“Devote yourselves to prayer, being watchful and thankful.” Colossians 4:2 (NIV)
I don’t usually have time to watch many movies, and when I finally get to watch one that isn’t necessarily a movie our whole family will enjoy, it’s usually months or years after it’s been out that I finally view it. That was the case this week. I watched a movie that left me emotionally drained. It was about a woman who was diagnosed with early onset Alzheimer’s and the decline of her mind, body and relationships as a result.
Since I’m in my 40s and my body isn’t as resilient as it used to be, I have conversations with myself sometimes about would I rather lose my eyesight or my hearing? I really don’t want to lose either, but I’ve tried to figure out which one I could “handle” losing more than the other. I love seeing the faces of my loved ones, reading books, and seeing all the beautiful colors that God displays on a yearly basis, each different every single day. However, I also love music and it moves me to a different level of worshipping my Father. I love hearing my family say, “I love you,” listening to the way the wind and the birds all join together in worship music as only nature can. I love waterfalls, the gentle sound of rain as I fall asleep, or the sound of ocean waves or the innocence of a baby’s laugh.
Maybe that’s why the movie affected me so profoundly. I realized that to lose one’s mind and all the memories made would be far worse than losing my eyesight or hearing. I always knew Alzheimer’s was devastating. We have a history of it in my family genealogy and so while I didn’t witness it firsthand as my grandparents lived many miles away, I was told of the daily struggles my grandmother went through as her husband slowly forgot. There was a couple in a neighborhood I used to live in and although I didn’t know them personally, at times the wife would be sitting in the middle of the road while her elderly husband attempted to coax her to stand up and go home. It was a busy street so not only was it heartbreaking but dangerous as well.

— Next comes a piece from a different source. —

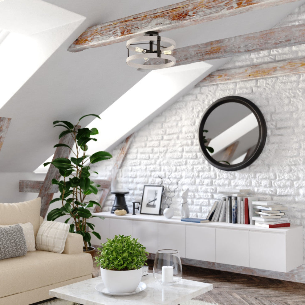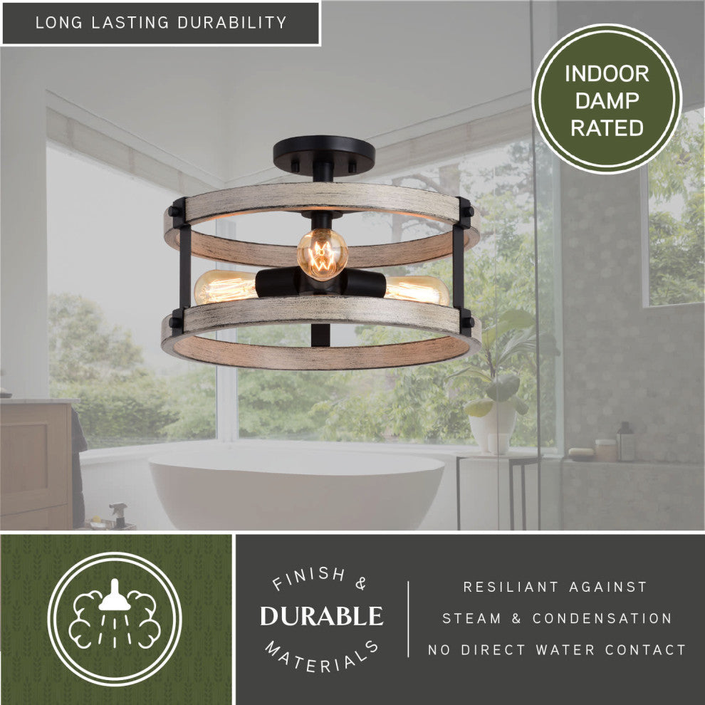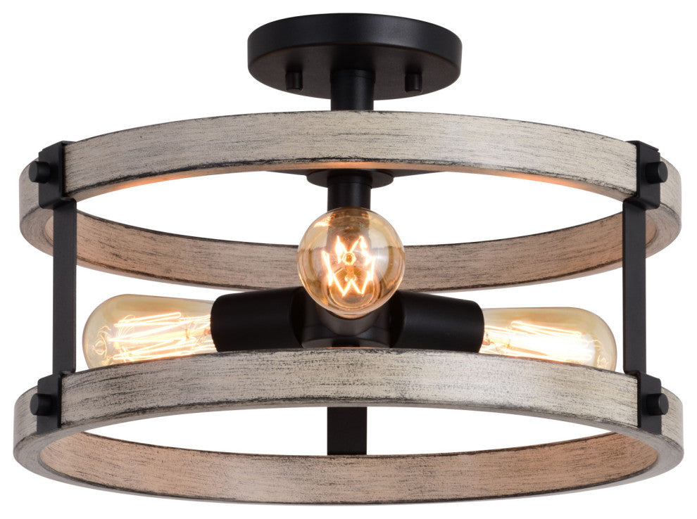 Danvers 16" Semi-Flush Textured Black and Weathered Gray

Maybe the movie wouldn’t have been so devastating if the husband’s reaction had been different. He couldn’t deal with his wife’s failing memory and the patience (and love) that she needed. She begged him on multiple occasions to take a year sabbatical to spend with her while she still had her memories and could create new ones. He refused. He took it one step further and chose an advancement of his career and left his wife with his youngest daughter, ironically the one whom had the most combative relationship with her mom of all three siblings. The movie showed that while this child tested the limits the most, she also was the one who was the most patient, loving, and in the end, the most committed to her mom, willing to do “hard,” while the rest of the family disappeared.
My poor husband… I greeted him at the door that day with these words, “I just need you to hold me,” and he did. No questions, no, “Don’t you want to hear about my day?” no explanations needed. We stood in the entryway, him just holding me tightly in his strong embrace, no words needed, and I felt completely loved. Completely accepted. Safe and secure in the love of my family, a contrast to what the woman on the screen was given.
I realize that movie was fiction. It reminded me of the devastation of a disease that robs a person slowly (or quickly) of their memories as well as their ability to perform simple tasks. It also reminded me how truly blessed I am to have married the man God placed in my life and to have three amazing children as well as extended family who love each other fiercely. It reminded me to be more patient with everyone – those in my family whose memories are fading due to age, those in the community whom I don’t know what they are dealing with, and to pray for those whose family’s look more like the woman in the movie than the one God blessed me with.
I’m grateful God allowed me the time to watch that movie. It brought a difficult topic into better focus. It gave visual details of a disease that I had only read about. And it gave me a better understanding of the difficult months my friend dealt with her mother’s neurological decline due to brain cancer and what the symptoms of a traumatic brain injury really look like. It gave me the chance to see… and as a result, to pray with more understanding, for those I call friend.